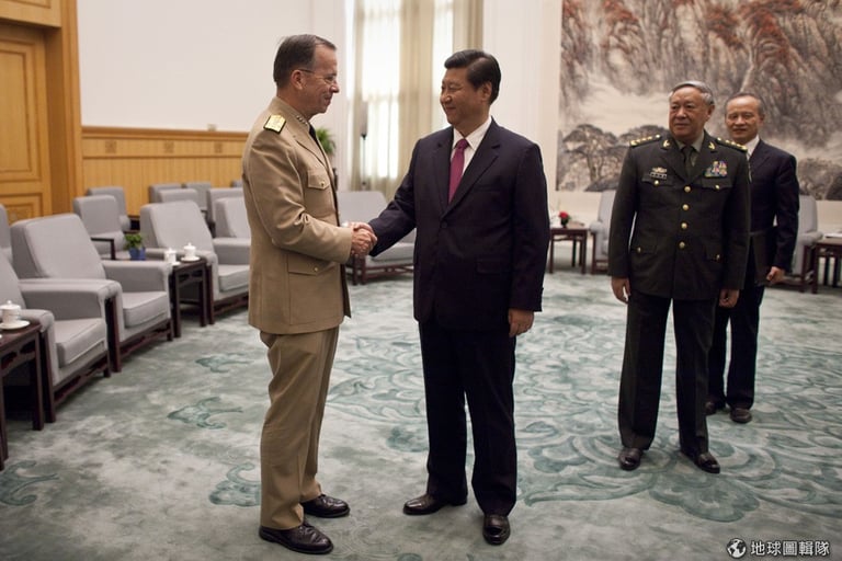 美國海軍上將麥可穆蘭(Mike Mullen)與習近平要討論南海的事宜,大陸在南海的領土上與菲律賓和越南一直存有爭議。圖片來源:Alexander F. Yuan-Pool/Getty Images
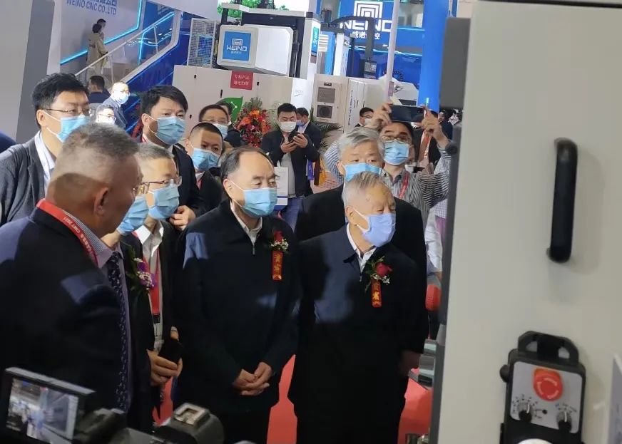 上午10時(shí),中國(guó)機(jī)床工具工業(yè)協(xié)會(huì)執(zhí)行副理事長(zhǎng)兼秘書(shū)長(zhǎng)王黎明、中國(guó)機(jī)床工具工業(yè)協(xié)會(huì)監(jiān)事長(zhǎng)王旭陪同原教育部部長(zhǎng)、中國(guó)工程院院長(zhǎng)周濟(jì),原機(jī)械工業(yè)部副部長(zhǎng)、國(guó)務(wù)院派駐國(guó)有重點(diǎn)大型企業(yè)監(jiān)事會(huì)原主席賈成炳等一行來(lái)到杭機(jī)展臺(tái)前,杭機(jī)股份董事長(zhǎng)孫益民、總經(jīng)理董凱夫向各位貴賓匯報(bào)了杭機(jī)在解決航發(fā)葉片加工等卡脖子問(wèn)題上取得的成果,目前這一成果已批量提供給航發(fā)用戶。周濟(jì)院長(zhǎng)長(zhǎng)期致力于機(jī)械設(shè)計(jì)、數(shù)控技術(shù)與智能制造的教學(xué)和研究工作,作為行業(yè)的專家,他耐心詢問(wèn)杭機(jī)的發(fā)展現(xiàn)狀和產(chǎn)品結(jié)構(gòu)。賈副部長(zhǎng)饒有興致地走近五軸數(shù)控強(qiáng)力成型磨床,近距離觀察機(jī)床內(nèi)部結(jié)構(gòu),孫益民董事長(zhǎng)和董凱夫總經(jīng)理向幾位領(lǐng)導(dǎo)介紹了兩臺(tái)展品的適用范圍和產(chǎn)品性能,以及杭機(jī)目前參與的國(guó)家04專項(xiàng)的進(jìn)展情況,幾位貴賓勉勵(lì)杭機(jī)要投入更多精力到產(chǎn)品研發(fā)上,承擔(dān)起為國(guó)內(nèi)航空航天、高精度數(shù)控機(jī)床功能部件及能源裝備中的關(guān)鍵零部件的高精、高效加工的企業(yè)責(zé)任。
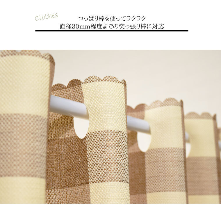 ・突っ張り棒(別売り)を通して手軽に設置できます。小窓にはもちろん、収納棚の目隠しや洗面所・脱衣所にも。 | |
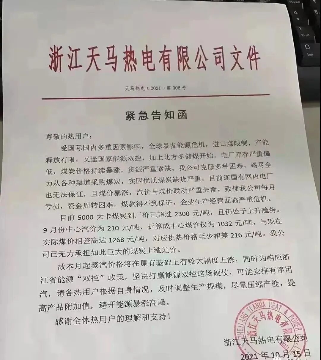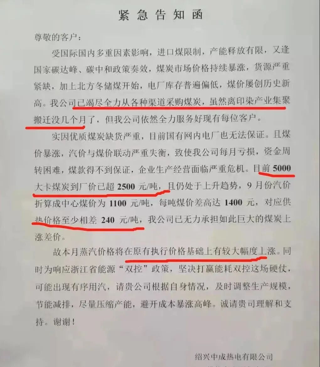 10月15日,绍兴多家热电公司发布《告知函》称,受全球多重因素叠加影响,市场煤炭供应十分紧缺、价格持续暴涨。目前所有北方港码头 5000大卡的煤,每吨价格已超过2300 元,仅有价无货,且每日一个价,紧张局面持续升级,煤炭采购相当困难。
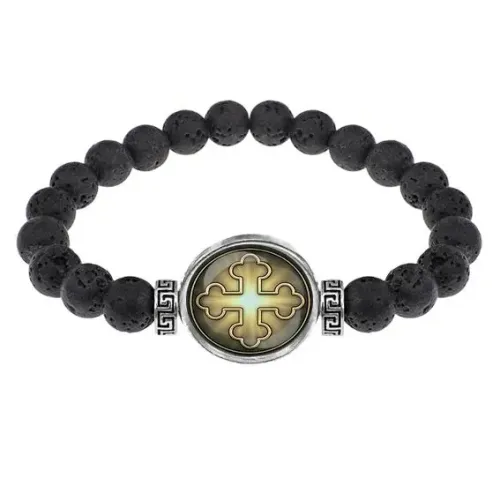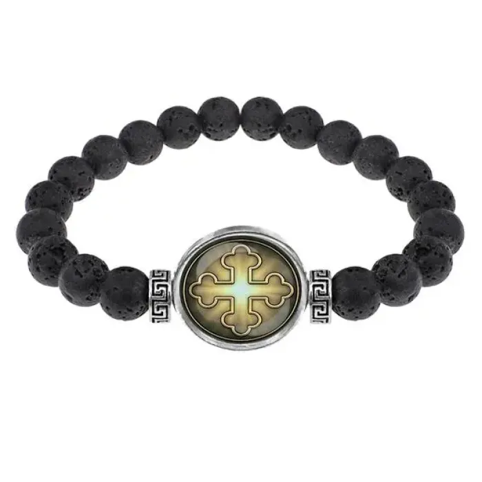 Стрейч-браслет из натуральной лавы диаметром 8 мм с изображением под выпуклой стеклянной линзой. Внутренний диаметр составляет около 5,5 см. Изготовлен из лавы, бижутерного сплава с покрытием под серебро и стекла. Лава известна своей способностью впитывать эфирные масла, что делает этот браслет идеальным для аромабижутерии. Нанесение нескольких капель эфирного масла на бусины позволяет создать уникальные ароматические композиции и наслаждаться их эффектом в течение дня. Этот аксессуар не только стильный элемент образа, но и практичный помощник для любителей ароматерапии.
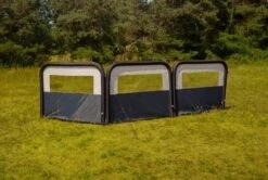 Der Wind- und Sichtschutz mit transparenten Fenstern besteht aus 2 Segmenten á 200 cm. Der Windschutz kommt ohne Gestänge aus und stellt sich durch einfaches Aufpumpen der Luftschläuche fast von selbst auf. Alle Segmente können beliebig mit Reißverschluss verbunden werden.
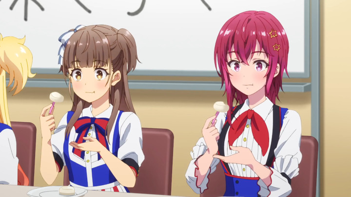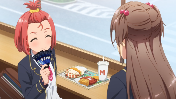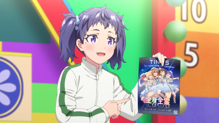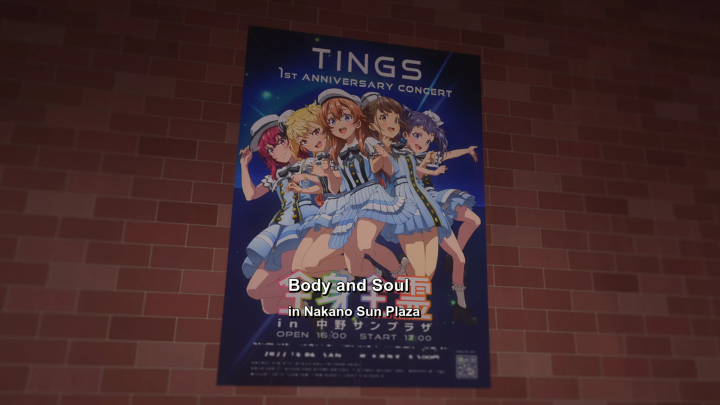 We pick up where we left off – the girls just finished their first performance with Haru performing to her true authentic abilities and TINGS popularity starts to grow. At this point it seems like their tickets for the Nakano Sun Plaza are going to see out in no time. Well… turns out things aren’t that easy and there is a bit of work that needs to happen before they can sell the remaining half of their tickets. I wish we would have had more interactions between the girls, but I think this episode did a really good job of showing us how much they’ve grown. Kyouka is more confident in interacting with people and having fun and Rio is able to eat green peppers on camera without crying! That’s a win!
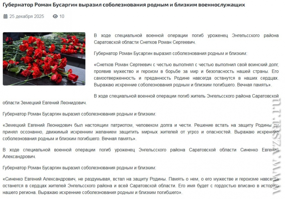 Администрация Энгельсского района без подробностей сообщила о гибели Романа Снеткова, Евгения Земецкого, Евгения Синенко, Вячеслава Серебрякова и Алексея Сличенко.
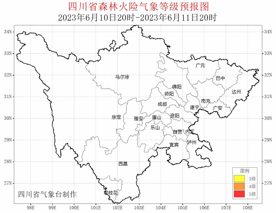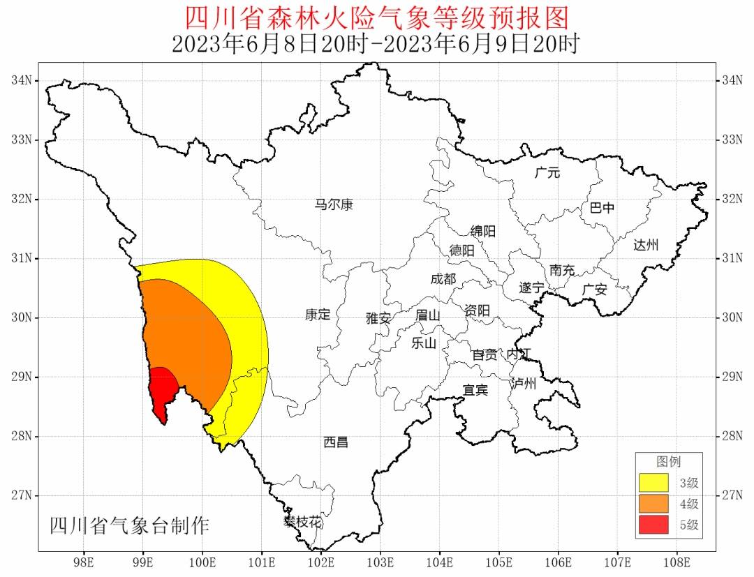 据最新气象资料分析:6月8日20时~11日20时,攀西地区大部地方有阵雨或雷雨,西部南部有中到大雨,局地有暴雨,甘孜州中部、南部有中雨,局部大雨,森林草原火险气象等级将逐渐降低,其中9~10日甘孜州西南部和凉山州西北部森林草原火险气象等级为3~4级,局部为5级。请相关州市加强火源管理,做好森林防火工作。
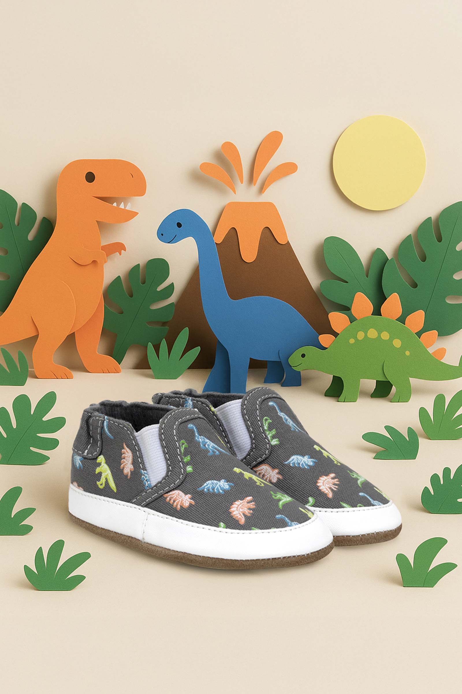 Glowing Dinos Soft Soles Charcoal Grey
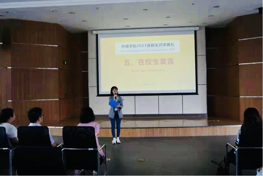 主持人还连线了2位留德学生,请他们分享自己在德国的留学经历,点燃了在场新生们出国学习的热情。新生代表王子豪的发言,传递出了同学们对大学生活的期待,洋溢着青春活力的气息。
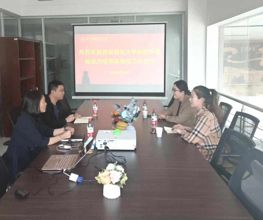 5月11日下午,西安科技大学高新学院就业办主任刘灵娜一行2人来访LETOU官网交流就业工作,LETOU官网招生就业中心副主任王东辉在明志楼204会议室接待了来访客人,并进行工作交流。
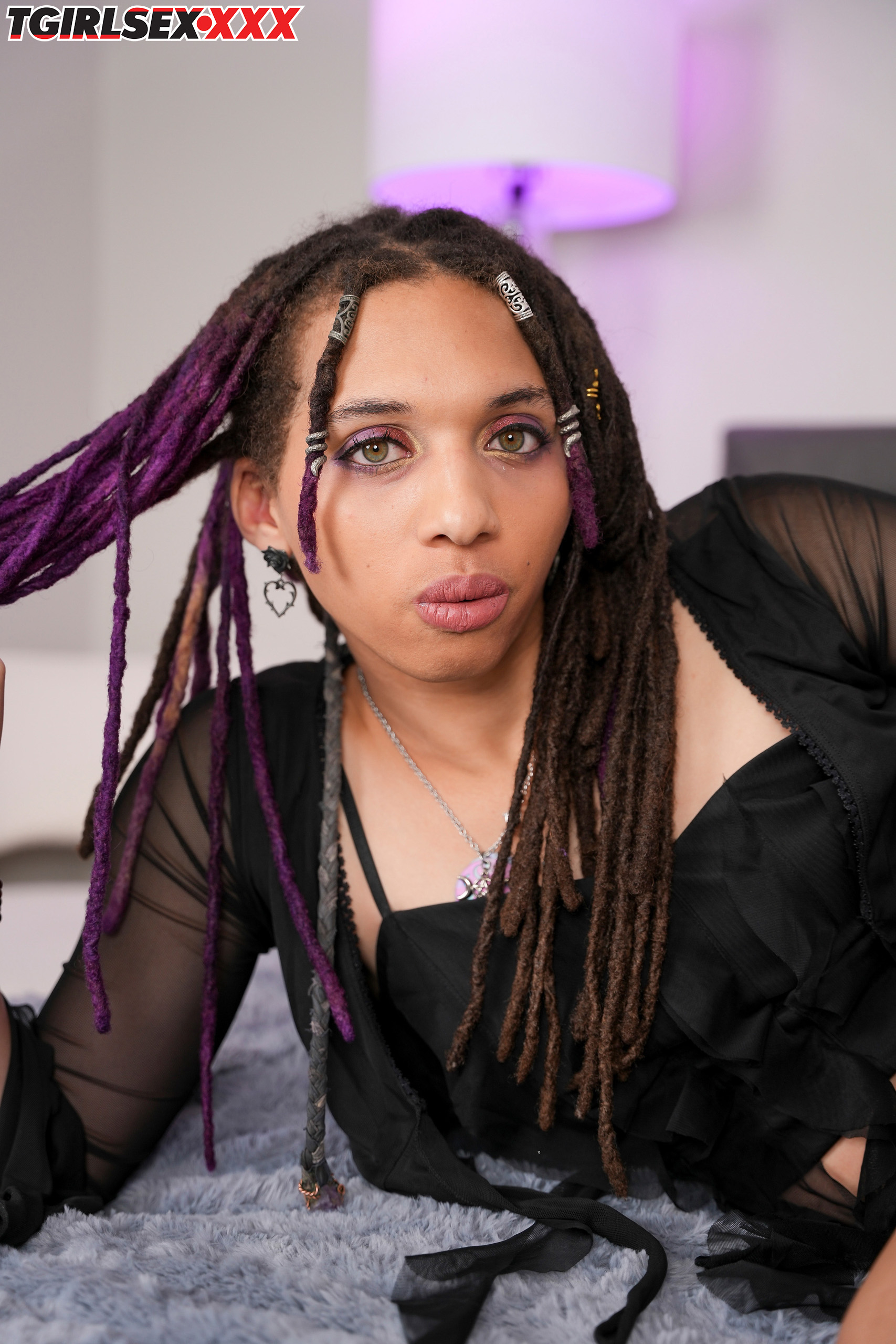 After getting rave reviews for her scene with Vic earlier this year, Aelin was ready to come back in and prove that she can do it two times in a row. And her cohort for this scene, was PF Bhangs who just loves to to get his hands, his tongue and his big cock all over a hot trans girl, or all inside a hot trans girl. Some lovely genuine foreplay starts this scene, and Aelin looks stunning with her braided hair, her natural good looks and great aesthetics, her body is smooth and nice curves, and when PF pulls down her panties, he's surprised to see her ready plugged - for easy entrance, and then hard pounding. After some mutual oral, in which Aelin shows how great she can suck on a cock, PF delivers his cock right where it was aiming; deep inside Aelin who writhes and moans with pleasure. A hot Radius Dark scene.
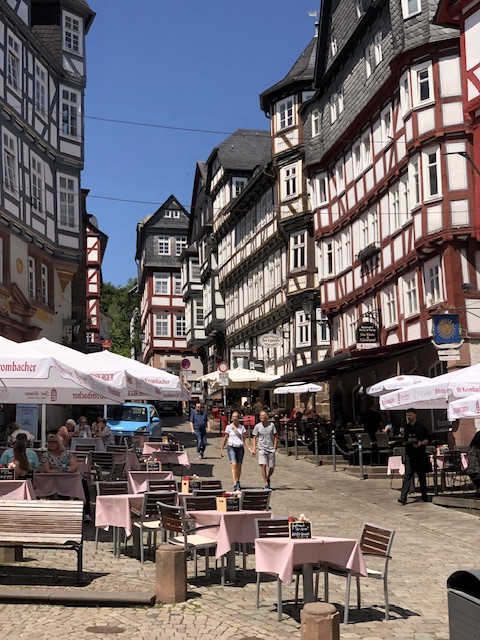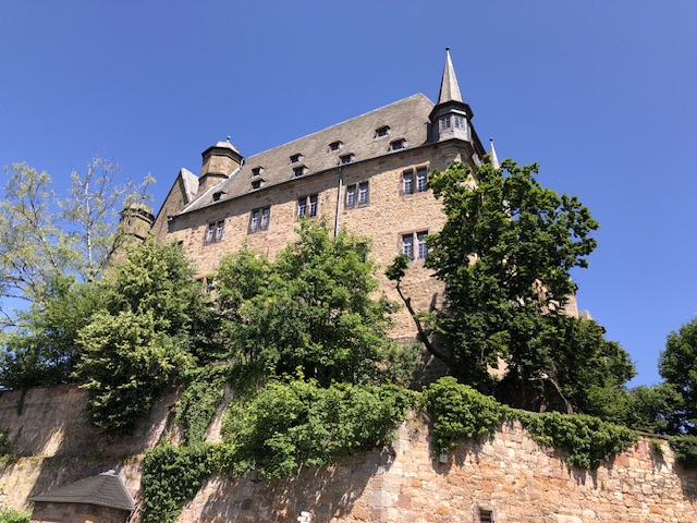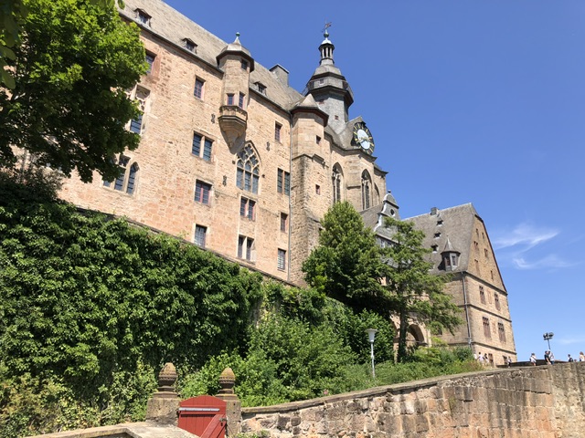 20. Juni, Freitag. Am vorletzten Tag unserer kurzen Reise zog es uns in die Universitätsstadt Marburg. Unser Stellplatz mit V/E und Stromanschluss, keine Grauwasserentsorgung, liegt in der Unterstadt, etwa 15 Gehminuten von der historischen Altstadt entfernt. Die Platzgebühr beträgt 12 €

◆ Activity
Pictures stay out; everything else in the listing above gets repeated exactly.

◆ Response to the task
 美國海軍上將麥可穆蘭(Mike Mullen)與習近平要討論南海的事宜,大陸在南海的領土上與菲律賓和越南一直存有爭議。圖片來源:Alexander F. Yuan-Pool/Getty Images
 上午10時(shí),中國(guó)機(jī)床工具工業(yè)協(xié)會(huì)執(zhí)行副理事長(zhǎng)兼秘書(shū)長(zhǎng)王黎明、中國(guó)機(jī)床工具工業(yè)協(xié)會(huì)監(jiān)事長(zhǎng)王旭陪同原教育部部長(zhǎng)、中國(guó)工程院院長(zhǎng)周濟(jì),原機(jī)械工業(yè)部副部長(zhǎng)、國(guó)務(wù)院派駐國(guó)有重點(diǎn)大型企業(yè)監(jiān)事會(huì)原主席賈成炳等一行來(lái)到杭機(jī)展臺(tái)前,杭機(jī)股份董事長(zhǎng)孫益民、總經(jīng)理董凱夫向各位貴賓匯報(bào)了杭機(jī)在解決航發(fā)葉片加工等卡脖子問(wèn)題上取得的成果,目前這一成果已批量提供給航發(fā)用戶。周濟(jì)院長(zhǎng)長(zhǎng)期致力于機(jī)械設(shè)計(jì)、數(shù)控技術(shù)與智能制造的教學(xué)和研究工作,作為行業(yè)的專家,他耐心詢問(wèn)杭機(jī)的發(fā)展現(xiàn)狀和產(chǎn)品結(jié)構(gòu)。賈副部長(zhǎng)饒有興致地走近五軸數(shù)控強(qiáng)力成型磨床,近距離觀察機(jī)床內(nèi)部結(jié)構(gòu),孫益民董事長(zhǎng)和董凱夫總經(jīng)理向幾位領(lǐng)導(dǎo)介紹了兩臺(tái)展品的適用范圍和產(chǎn)品性能,以及杭機(jī)目前參與的國(guó)家04專項(xiàng)的進(jìn)展情況,幾位貴賓勉勵(lì)杭機(jī)要投入更多精力到產(chǎn)品研發(fā)上,承擔(dān)起為國(guó)內(nèi)航空航天、高精度數(shù)控機(jī)床功能部件及能源裝備中的關(guān)鍵零部件的高精、高效加工的企業(yè)責(zé)任。
 ・突っ張り棒(別売り)を通して手軽に設置できます。小窓にはもちろん、収納棚の目隠しや洗面所・脱衣所にも。 | |
 10月15日,绍兴多家热电公司发布《告知函》称,受全球多重因素叠加影响,市场煤炭供应十分紧缺、价格持续暴涨。目前所有北方港码头 5000大卡的煤,每吨价格已超过2300 元,仅有价无货,且每日一个价,紧张局面持续升级,煤炭采购相当困难。
 Стрейч-браслет из натуральной лавы диаметром 8 мм с изображением под выпуклой стеклянной линзой. Внутренний диаметр составляет около 5,5 см. Изготовлен из лавы, бижутерного сплава с покрытием под серебро и стекла. Лава известна своей способностью впитывать эфирные масла, что делает этот браслет идеальным для аромабижутерии. Нанесение нескольких капель эфирного масла на бусины позволяет создать уникальные ароматические композиции и наслаждаться их эффектом в течение дня. Этот аксессуар не только стильный элемент образа, но и практичный помощник для любителей ароматерапии.
 Der Wind- und Sichtschutz mit transparenten Fenstern besteht aus 2 Segmenten á 200 cm. Der Windschutz kommt ohne Gestänge aus und stellt sich durch einfaches Aufpumpen der Luftschläuche fast von selbst auf. Alle Segmente können beliebig mit Reißverschluss verbunden werden.
 We pick up where we left off – the girls just finished their first performance with Haru performing to her true authentic abilities and TINGS popularity starts to grow. At this point it seems like their tickets for the Nakano Sun Plaza are going to see out in no time. Well… turns out things aren’t that easy and there is a bit of work that needs to happen before they can sell the remaining half of their tickets. I wish we would have had more interactions between the girls, but I think this episode did a really good job of showing us how much they’ve grown. Kyouka is more confident in interacting with people and having fun and Rio is able to eat green peppers on camera without crying! That’s a win!
 Администрация Энгельсского района без подробностей сообщила о гибели Романа Снеткова, Евгения Земецкого, Евгения Синенко, Вячеслава Серебрякова и Алексея Сличенко.
 据最新气象资料分析:6月8日20时~11日20时,攀西地区大部地方有阵雨或雷雨,西部南部有中到大雨,局地有暴雨,甘孜州中部、南部有中雨,局部大雨,森林草原火险气象等级将逐渐降低,其中9~10日甘孜州西南部和凉山州西北部森林草原火险气象等级为3~4级,局部为5级。请相关州市加强火源管理,做好森林防火工作。
 Glowing Dinos Soft Soles Charcoal Grey
 主持人还连线了2位留德学生,请他们分享自己在德国的留学经历,点燃了在场新生们出国学习的热情。新生代表王子豪的发言,传递出了同学们对大学生活的期待,洋溢着青春活力的气息。
 5月11日下午,西安科技大学高新学院就业办主任刘灵娜一行2人来访LETOU官网交流就业工作,LETOU官网招生就业中心副主任王东辉在明志楼204会议室接待了来访客人,并进行工作交流。
 After getting rave reviews for her scene with Vic earlier this year, Aelin was ready to come back in and prove that she can do it two times in a row. And her cohort for this scene, was PF Bhangs who just loves to to get his hands, his tongue and his big cock all over a hot trans girl, or all inside a hot trans girl. Some lovely genuine foreplay starts this scene, and Aelin looks stunning with her braided hair, her natural good looks and great aesthetics, her body is smooth and nice curves, and when PF pulls down her panties, he's surprised to see her ready plugged - for easy entrance, and then hard pounding. After some mutual oral, in which Aelin shows how great she can suck on a cock, PF delivers his cock right where it was aiming; deep inside Aelin who writhes and moans with pleasure. A hot Radius Dark scene.
 20. Juni, Freitag. Am vorletzten Tag unserer kurzen Reise zog es uns in die Universitätsstadt Marburg. Unser Stellplatz mit V/E und Stromanschluss, keine Grauwasserentsorgung, liegt in der Unterstadt, etwa 15 Gehminuten von der historischen Altstadt entfernt. Die Platzgebühr beträgt 12 €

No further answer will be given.